KCB Bank is now Eastern Africa’s largest bank by asset size on the back of an aggressive expansion of foreign subsidiaries.

KCB’s total assets stood at Ksh1.55 trillion in the year ending December, compared to Equity’s total assets of Ksh1.44 trillion, regulatory filings show.

However, KCB trailed Equity in profitability in the period with KCB stating it did not include the full-year profits from its recently acquired subsidiary in DRC.

KCB said it absorbed a loss of Ksh65 million out of the DRC business for the month of December.

Had KCB consequently consolidated a full year, it would have absorbed a profit of Ksh3.2 billion from the Congo unit.

Shareholders of both banking giants will be keenly waiting to see the performance of both lenders when they release their first-quarter results in the near term.

Equity pipped its Kenyan rivals including KCB in the year ended December 2022 when its profit before tax led the Kenyan banking industry at Ksh59.8 billion equivalent to Kshh2.5 billion ahead of KCB’s Ksh57.3 billion.

KCB is also the regional leader in terms of net loans and advances that stood at Ksh863.3 billion, up from Ksh675 billion in 2021.

The disclosures by the two top banks in their annual reports paint a picture of a cutthroat race for control of the banking industry. This comes at a time when the two lenders have embarked on aggressive regional expansion in the last decade as both lenders jostle to grab as much cash to become the region’s banking kings.

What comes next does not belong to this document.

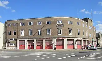 A fire service was established in Hove in 1831 at the instigation of the Brunswick Town Commissioners, based at Brunswick Street West. A fire brigade was officially formed on 20 June 1863.[39] The first purpose-built fire station was at 85 George Street,[40] now a café. The brigade also covered Aldrington after the parish was added to Hove Borough.[40] The George Street premises were extended c. 1908. The Borough of Hove officially took responsibility for the fire brigade on 1 November 1914 (it had the status of a volunteer brigade until then), and a new fire station was opened on Hove Street on 2 June 1926.[41] The "elegant structure ... with a charming bell-cot" was designed by Brighton architects Clayton & Black and cost £11,000.[42] East Sussex County Fire Authority took over the running of Hove fire brigade from 1 April 1948.[43] The station on Hove Street closed in 1976 and was replaced by the current facility at English Close off Old Shoreham Road,[43] which opened on 6 October of that year at a cost of £421,620.[42]

KCB chief executive Paul Russo and his Equity counterpart James Mwangi have maintained that the wider eastern Africa region offers an immense opportunity for new growth and signaled plans to continue with their expansion.

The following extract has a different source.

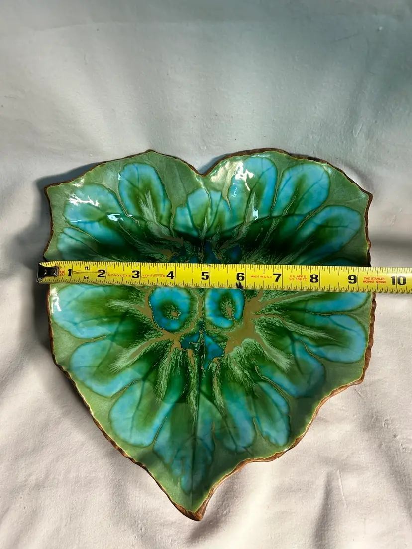 The colors on this vintage piece are so beautiful. Reminds me of peacock colors. This vintage Treasure Craft serving tray is a unique addition to any collection. The emerald green and turquoise blue leaf pattern and art pottery production style make it a beautiful piece for display or use. The brand is known for its quality and this tray is no exception. It was manufactured in California in the 1960s and has a timeless mid-century appeal. Pottery production technique adds to its durability and makes it a great choice for everyday use or display as you please.

According to the regulatory disclosures, KCB’s customer deposits stood at Ksh1.14 trillion ahead of Equity’s Ksh1.05 trillion.

KCB Group and Equity Group are the only two Kenyan-based banks with more than a trillion shillings in customer deposits base.

The gap is even wider in net customer loans with KCB leading the pack with Ksh863 billion, equivalent to Ksh156 billion more than Equity’s Ksh706 billion loan book.

KCB’s shareholder funds stood at Ksh200 billion, ahead of Equity’s Ksh182 billion.

KCB also has the largest branch network in the region. The Bank reported a total of 603 branches in the region in 2022. Which is almost double the footprint Equity reported of 337 in 2021 at a time its Group CEO says branchless banking will be the new normal in the near future.

KCB is also the largest employer in the banking sector with over 11,000 employees across the region.

KCB Bank Kenya total assets stood at Ksh971 billion ahead of Equity’s Ksh894 billion, revenue stood at Ksh93 billion ahead of Equity’s Ksh86 billion.